* _EXERCISE_: Only the records, exactly as written, belong in the answer; pictures do not.

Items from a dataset
##########

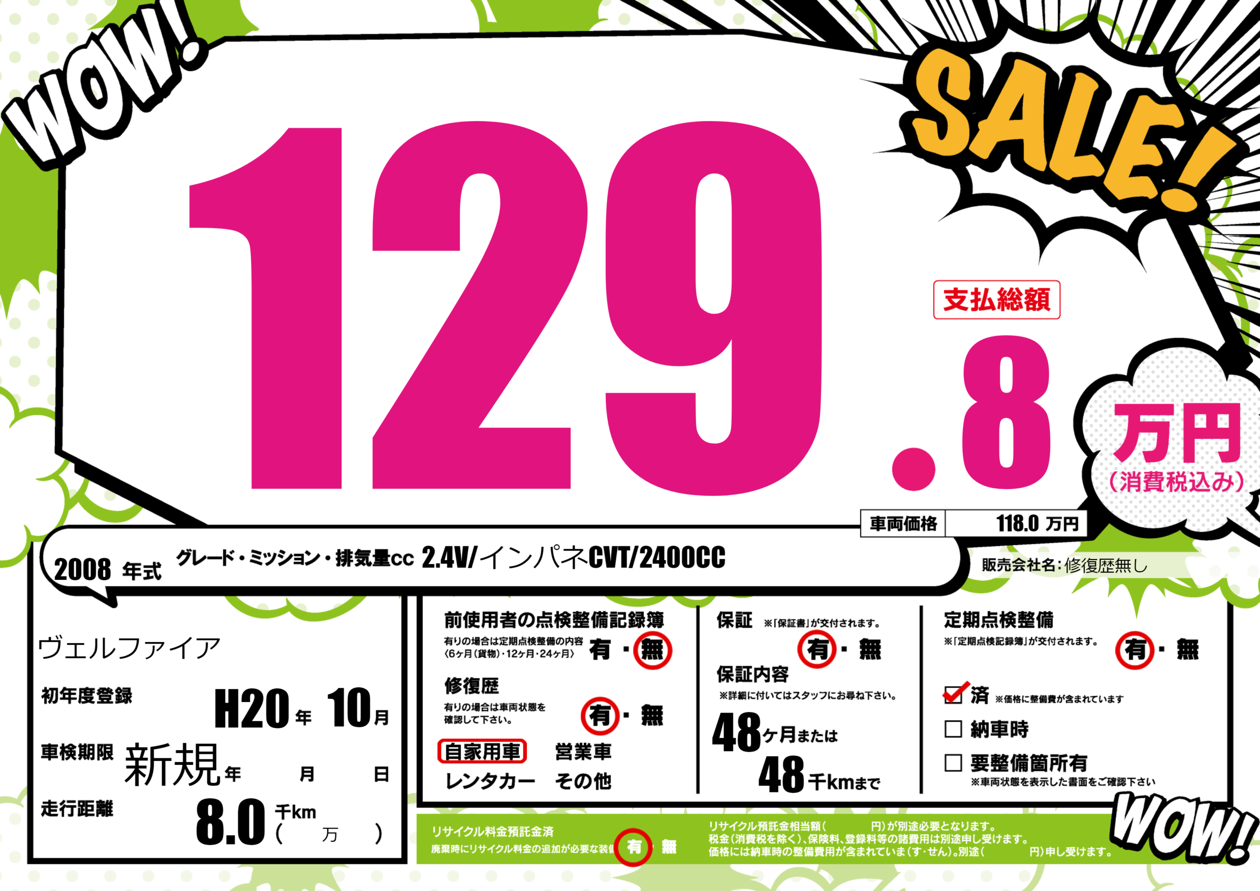 | 定期点検整備 | 定期点検整備あり 定期点検整備済み | ||
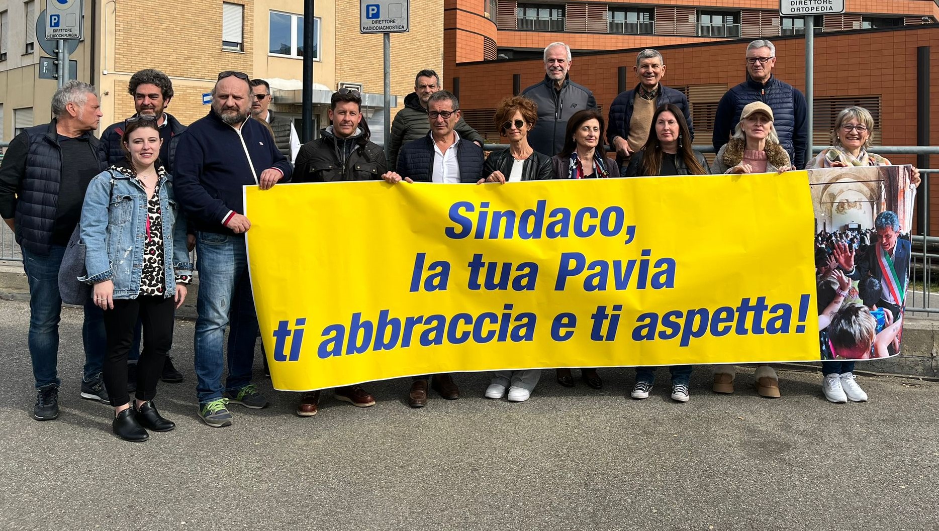 Attualità 15 Aprile 2023 Striscione di vicinanza al sindaco di Pavia, ricoverato al Policlinico San Matteo
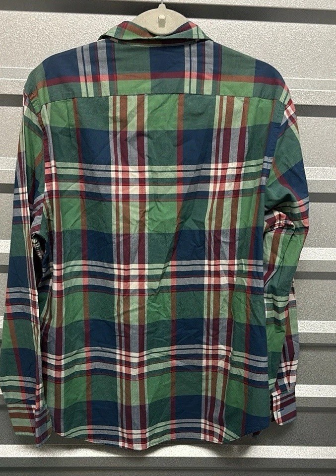J Crew Mens Summer Plaid Shirt Tailored Fit Size Large Button Down Preppy Office Great pre owned condition Size large Pit to pit: 23 inches Length: 29 inches
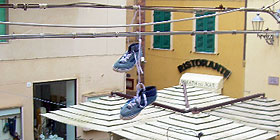Nella foto: l scarpe appese in via Roma ad Alghero
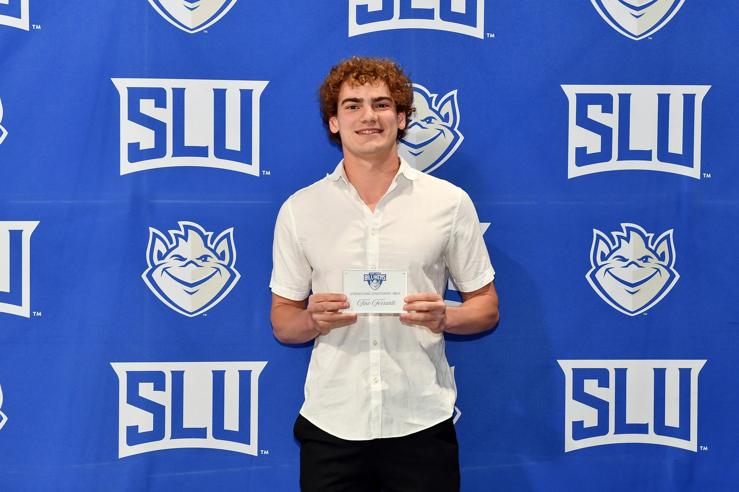 Picture taken at the annual SLUSPY’S event of me winning the Strength and Conditioning Award on April 22, 2025
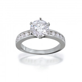 The round brilliant-cut diamond weighing 1.56 carats is claw-set between a line of channel-set diamonds together stated to weigh 0.35 carat, size L, signed Tiffany & Co., numbered 18435357. -
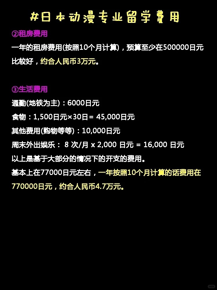 费用清单 一年留学费用:至少13万人民币。 ①学费: 一年平均下来预算准备至少5万元人民币 ②租房费用 一年的租房费用(按照10个月计算),预算至少在500000日元比较好,约合人民币3万元。 ③生活费用 通勤(地铁为主):6000日元 食物:1,500日元x30日=45,000日元 其他费用(购物等等):10,000日元 周末外出娱乐:8次/月x2,000日元=16,000日元 以上是基于大部分的情况下的开支的费用。 基本上在77000日元左右,一年按照10个月计算的话费用在770000日元,约合人民币4.7万元:
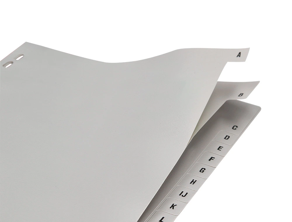 Descrição: Separadores alfabéticos A-Z de plástico A4. Fabricados em pvc, na cor cinza, formato A4. Multiperfurados para classificação e ordenação alfabética de documentos. Gravação do alfabeto nas pestanas ou separadores.
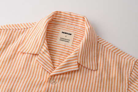 ゆったりとしたシルエットのオープンカラーシャツと、
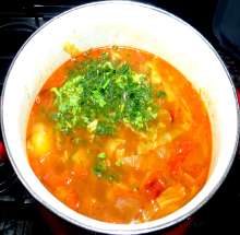 | Репа, помидор, фасоль консервированная, болгарский перец, томатная паста. | Варится бульон из утиных костей, процеживается, в него добавляется картофель, затем – нашинкованная капуста. Щи варятся почти до готовности картофеля, добавляется овощная заправка (пассерованные лук, морковь, стебель сельдерея, сладкий перец с томатом). Суп варится несколько минут, добавляется рубленная зелень, варится до изменения цвета, затем добавляется откинутая на сито консервированная фасоль. Суп доводится до кипения, заправляется рубленным чесноком, выправляется на соль и перец и снимается с огня. Готовые щи настаиваются, при подаче заправляются свежей зеленью и (по желанию) сметаной. |
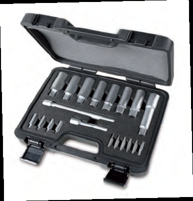 Készlet tartalma: • 7 hatlapú dugókulcs, méretek: 16 - 17 - 18 - 19 - 21 - 22 - 24 • 1 hosszabbító, hossz: 120 mm • 3 belső nyílású bit, méretek: 8x5 - 8x6 - 11x8 • 1 belső imbusz bit, méret: 10 mm • 1 XZN® bit, méret: M10 • 1 Torx® bit, méret: T50 • 4 imbusz bit, méret: 5- 6 - 7 - 8 • 1 bittartó hosszabbító, hossz: 95 mm • 1 bittartó hosszabbító, hossz: 190 mm  320x245x71 mm -  2,6 kg
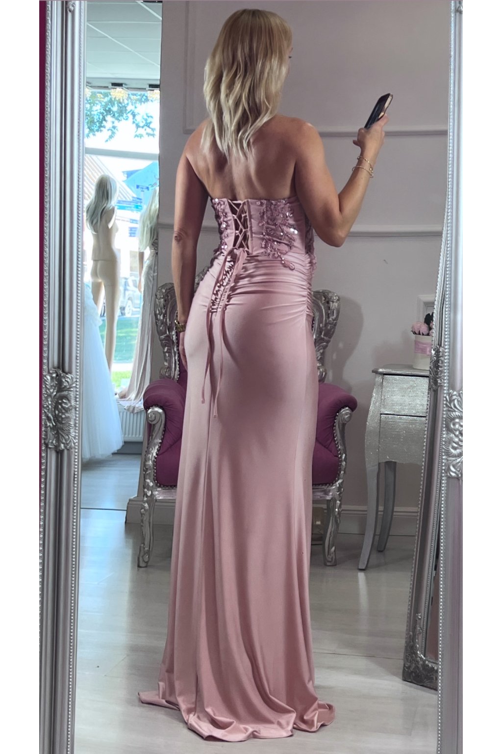Luxusné saténové šaty s priliehavým strihom, ktoré dokonale zvýraznia siluetu. Korzetová čipkovaná vrchná časť s kosticami a výstužou pôsobí elegantne a zvodne, odopínateľné ramienka umožňujú variabilný vzhľad. Zapínanie na zips a šnurovanie vzadu zaručuje perfektné prispôsobenie. Predný rozparok na sukni dodáva modelu rafinovaný a pôvabný akcent.
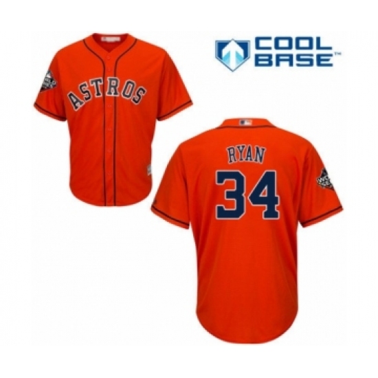 Youth Houston Astros #34 Nolan Ryan Authentic Orange Alternate Cool Base 2019 World Series Bound Baseball Jersey
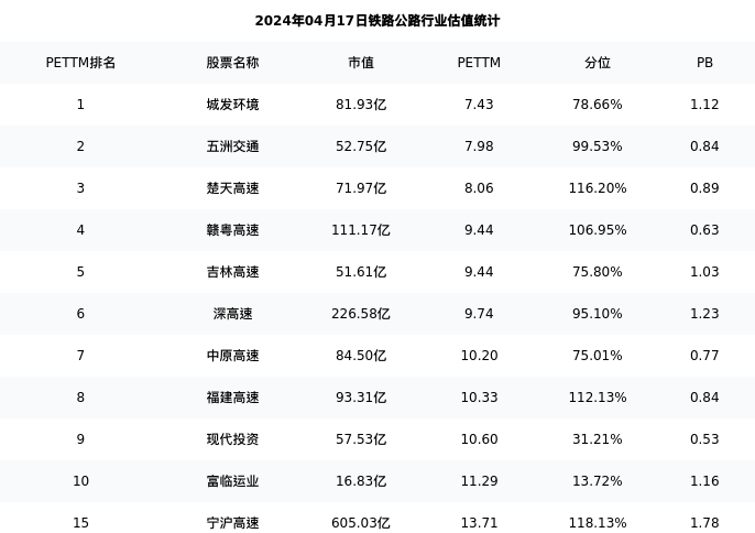 从估值角度看:宁沪高速最新市盈率PETTM为13.71,在行业内排名15/34,处于118.13分位。

##########

* _ANSWER BOX_:
 | 定期点検整備 | 定期点検整備あり 定期点検整備済み | ||
 Attualità 15 Aprile 2023 Striscione di vicinanza al sindaco di Pavia, ricoverato al Policlinico San Matteo
J Crew Mens Summer Plaid Shirt Tailored Fit Size Large Button Down Preppy Office Great pre owned condition Size large Pit to pit: 23 inches Length: 29 inches
Nella foto: l scarpe appese in via Roma ad Alghero
 Picture taken at the annual SLUSPY’S event of me winning the Strength and Conditioning Award on April 22, 2025
 The round brilliant-cut diamond weighing 1.56 carats is claw-set between a line of channel-set diamonds together stated to weigh 0.35 carat, size L, signed Tiffany & Co., numbered 18435357. -
 费用清单 一年留学费用:至少13万人民币。 ①学费: 一年平均下来预算准备至少5万元人民币 ②租房费用 一年的租房费用(按照10个月计算),预算至少在500000日元比较好,约合人民币3万元。 ③生活费用 通勤(地铁为主):6000日元 食物:1,500日元x30日=45,000日元 其他费用(购物等等):10,000日元 周末外出娱乐:8次/月x2,000日元=16,000日元 以上是基于大部分的情况下的开支的费用。 基本上在77000日元左右,一年按照10个月计算的话费用在770000日元,约合人民币4.7万元:
 Descrição: Separadores alfabéticos A-Z de plástico A4. Fabricados em pvc, na cor cinza, formato A4. Multiperfurados para classificação e ordenação alfabética de documentos. Gravação do alfabeto nas pestanas ou separadores.
 ゆったりとしたシルエットのオープンカラーシャツと、
 | Репа, помидор, фасоль консервированная, болгарский перец, томатная паста. | Варится бульон из утиных костей, процеживается, в него добавляется картофель, затем – нашинкованная капуста. Щи варятся почти до готовности картофеля, добавляется овощная заправка (пассерованные лук, морковь, стебель сельдерея, сладкий перец с томатом). Суп варится несколько минут, добавляется рубленная зелень, варится до изменения цвета, затем добавляется откинутая на сито консервированная фасоль. Суп доводится до кипения, заправляется рубленным чесноком, выправляется на соль и перец и снимается с огня. Готовые щи настаиваются, при подаче заправляются свежей зеленью и (по желанию) сметаной. |
 Készlet tartalma: • 7 hatlapú dugókulcs, méretek: 16 - 17 - 18 - 19 - 21 - 22 - 24 • 1 hosszabbító, hossz: 120 mm • 3 belső nyílású bit, méretek: 8x5 - 8x6 - 11x8 • 1 belső imbusz bit, méret: 10 mm • 1 XZN® bit, méret: M10 • 1 Torx® bit, méret: T50 • 4 imbusz bit, méret: 5- 6 - 7 - 8 • 1 bittartó hosszabbító, hossz: 95 mm • 1 bittartó hosszabbító, hossz: 190 mm  320x245x71 mm -  2,6 kg
Luxusné saténové šaty s priliehavým strihom, ktoré dokonale zvýraznia siluetu. Korzetová čipkovaná vrchná časť s kosticami a výstužou pôsobí elegantne a zvodne, odopínateľné ramienka umožňujú variabilný vzhľad. Zapínanie na zips a šnurovanie vzadu zaručuje perfektné prispôsobenie. Predný rozparok na sukni dodáva modelu rafinovaný a pôvabný akcent.
 Youth Houston Astros #34 Nolan Ryan Authentic Orange Alternate Cool Base 2019 World Series Bound Baseball Jersey
 从估值角度看:宁沪高速最新市盈率PETTM为13.71,在行业内排名15/34,处于118.13分位。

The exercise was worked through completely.